Reputation: 653
I am searching for the best solution of the following:
I need to give somebody access to one (out of many) specific database on my MySQL server through PhpMyAdmin or a similar tool.
I am not allowed to create a new MySQL user account.
Therefore I am thinking of creating a cover-up username and password (the credentials might be stored in some table or even directly in PHP somewhere around PMA), with which my somebody would log in to PMA.
PMA would use a securely stored real username and password to connect to my MySQL server. But my somebody would never see the actual database username and password. He would only see and be able to edit tables within the one specified database on my server.
Is this somehow achievable? Thank you!
Upvotes: 0
Views: 384
Reputation: 12422
phpMyAdmin is not designed to work like this; it uses the MySQL authentication structure without imposing any additional login restrictions.
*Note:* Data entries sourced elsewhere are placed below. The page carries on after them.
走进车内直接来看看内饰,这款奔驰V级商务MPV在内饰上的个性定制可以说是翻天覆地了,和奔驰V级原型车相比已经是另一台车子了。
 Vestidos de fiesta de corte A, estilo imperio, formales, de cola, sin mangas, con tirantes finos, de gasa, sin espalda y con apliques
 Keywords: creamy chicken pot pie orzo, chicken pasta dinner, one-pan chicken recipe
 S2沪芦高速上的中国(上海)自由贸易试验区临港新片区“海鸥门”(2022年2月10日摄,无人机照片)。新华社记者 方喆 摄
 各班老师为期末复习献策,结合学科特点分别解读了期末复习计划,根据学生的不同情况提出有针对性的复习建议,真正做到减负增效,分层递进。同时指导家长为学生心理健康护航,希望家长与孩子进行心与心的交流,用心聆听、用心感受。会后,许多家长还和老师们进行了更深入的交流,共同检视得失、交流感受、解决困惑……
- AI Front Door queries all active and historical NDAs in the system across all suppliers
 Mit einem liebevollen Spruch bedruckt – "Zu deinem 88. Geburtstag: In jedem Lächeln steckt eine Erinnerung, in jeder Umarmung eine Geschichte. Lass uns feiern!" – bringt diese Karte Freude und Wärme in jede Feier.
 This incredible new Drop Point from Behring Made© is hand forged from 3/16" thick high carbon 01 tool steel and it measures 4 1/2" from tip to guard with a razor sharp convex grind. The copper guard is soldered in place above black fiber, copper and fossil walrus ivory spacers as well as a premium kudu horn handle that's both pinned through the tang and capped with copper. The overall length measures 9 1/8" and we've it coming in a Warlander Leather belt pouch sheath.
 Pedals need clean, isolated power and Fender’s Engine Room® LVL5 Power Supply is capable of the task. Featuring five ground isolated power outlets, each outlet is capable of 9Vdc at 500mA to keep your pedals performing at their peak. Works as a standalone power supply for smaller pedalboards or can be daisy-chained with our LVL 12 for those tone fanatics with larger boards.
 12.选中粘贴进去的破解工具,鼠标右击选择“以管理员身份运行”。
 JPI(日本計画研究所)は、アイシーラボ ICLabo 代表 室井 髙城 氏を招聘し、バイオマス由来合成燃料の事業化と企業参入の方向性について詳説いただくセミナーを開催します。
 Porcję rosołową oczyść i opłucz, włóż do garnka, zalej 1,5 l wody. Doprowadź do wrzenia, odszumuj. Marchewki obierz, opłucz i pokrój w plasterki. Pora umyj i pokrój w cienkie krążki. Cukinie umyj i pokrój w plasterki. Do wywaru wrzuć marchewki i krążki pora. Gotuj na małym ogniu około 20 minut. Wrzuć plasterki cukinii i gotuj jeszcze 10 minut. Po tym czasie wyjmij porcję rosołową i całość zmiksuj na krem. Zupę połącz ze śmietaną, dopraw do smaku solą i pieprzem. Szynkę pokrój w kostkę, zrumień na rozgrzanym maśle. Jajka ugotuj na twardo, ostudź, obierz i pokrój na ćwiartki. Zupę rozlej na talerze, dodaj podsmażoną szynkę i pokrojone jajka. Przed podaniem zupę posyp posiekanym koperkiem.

One part of your requirements (not sharing the actual username and password) might be solved by using the config or signon authentication method, but that still doesn't impose any additional restrictions on the user once they log in so they'd have the same access that your user account has.
Unfortunately for you, if you aren't able to create another user account it's going to be difficult to share the account without giving them the same level of access.
Upvotes: 0
Reputation: 562348
PMA has a configuration for this.
$cfg['Servers'][$i]['only_db']
Read about it in the documentation: https://docs.phpmyadmin.net/en/latest/config.html
But this does not restrict the privileges of the user. It only makes the user interface show a limited subset of databases to the user. If they know the name of some other databases (or can query them from INFORMATION_SCHEMA.SCHEMATA), they can still access those databases.
If you want to enforce privileges to only a few databases, you'll have to create a distinct MySQL user and limit their privileges with GRANT.
Re your comments:
It sounds like you need to store the MySQL credentials in your PMA config file (and set $cfg['Servers'][$i]['auth_type']
to 'config'). Then you can use Apache HTTP authentication to restrict access to your PMA site (or directory), and you can create multiple user credentials at the Apache level.